– Ну я думал, что шпильки для повседневной носки одевают только у нас, – Фома определённо испугался такого проницательного взгляда Люси, и поэтому его ответ сквозил большой неуверенностью, на которую, между тем, последовала ответная очень любопытная и такая же неуверенная реакция Люси. Заметив движение голов, обступивших её, попутчиков и самого Фомы в сторону её туфлей, она сама не удержалась и, поддавшись этому стадному чувству (Ей-то чего смотреть на них, когда она уже сотни раз их видела, как сверху, в зеркало со стороны, так и в пылких взглядах прохожих.), обратила внимание на свои, очень даже ничего ноги, в этих красивых туфлях. Ну а для того чтобы их (кому что больше нравиться), лучше было рассмотреть, вытянула одну ножку вперёд, слегка подтянула штанину от брючного костюма (которому уже хватит наглеть и через шаг закрывать всю эту красоту) и выставила (со своим прицелом, уже сбить здравомыслие у этого слишком уж внимательного, что ему, в общем, не возбраняется, к ней Фомы.) её на обозрение.
«М-да», – очень явно читалось (Ну а что это значило, то разве возможно достать эту мысль, которая этим «м-да-эхом» отразилась из самой Марианской глубины души каждого смотрящего.) во взглядах окруживших её остолопов, которые, как будто в первый раз видели красивую ножку в туфельке. Между тем, это начало привлекать нездоровое внимание очень спешащих на выход приезжих гостей этого города любви. Они увидели в этом поведении этих незнакомцев, внимающем к исходящей от ног красоте, какой-то затаённый сигнал, требующий от них отбросить всю свою, всё равно ни к чему лучшему не ведущую спешку и, присоединившись к компании, однозначно эстетов женской красоты, внести свою посильную лепту в это обозрение.
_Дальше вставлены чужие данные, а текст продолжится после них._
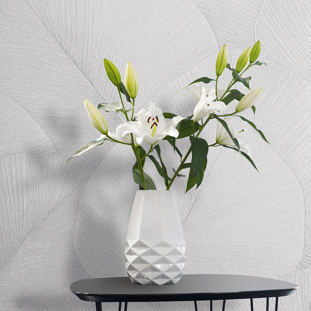 Високоустойчив Тапет Големи листа Бяло Кумано
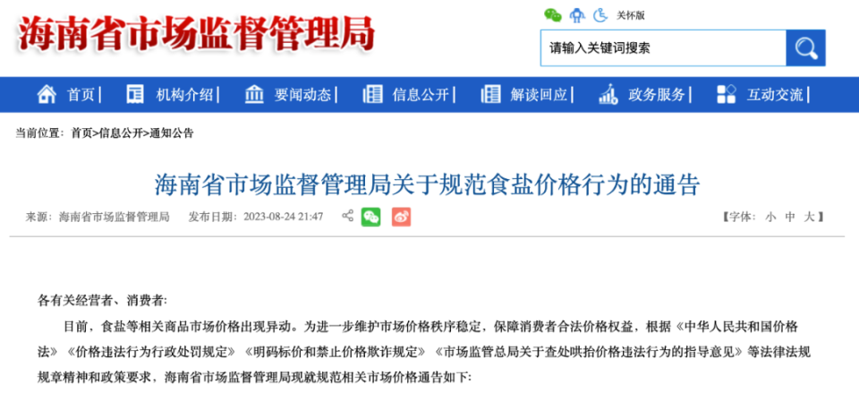 政知君注意到,海南省市场监督管理局24日发布《关于规范食盐价格行为的通告》。

– Ну разве плохо? – Люси выразительно высказалась и с преобладанием во взгляде этого чувства, посмотрела на окруживших её, «глаз не оторвать от её ног» глазельщиков, чья тень сомнения, только попробуй, возникни, тут же превратит этого неблагодарного, как выразился Яшка, в ассоциированного ею, вычеркнутого из членства её партнерской программы, уже и не понятно какого фоба.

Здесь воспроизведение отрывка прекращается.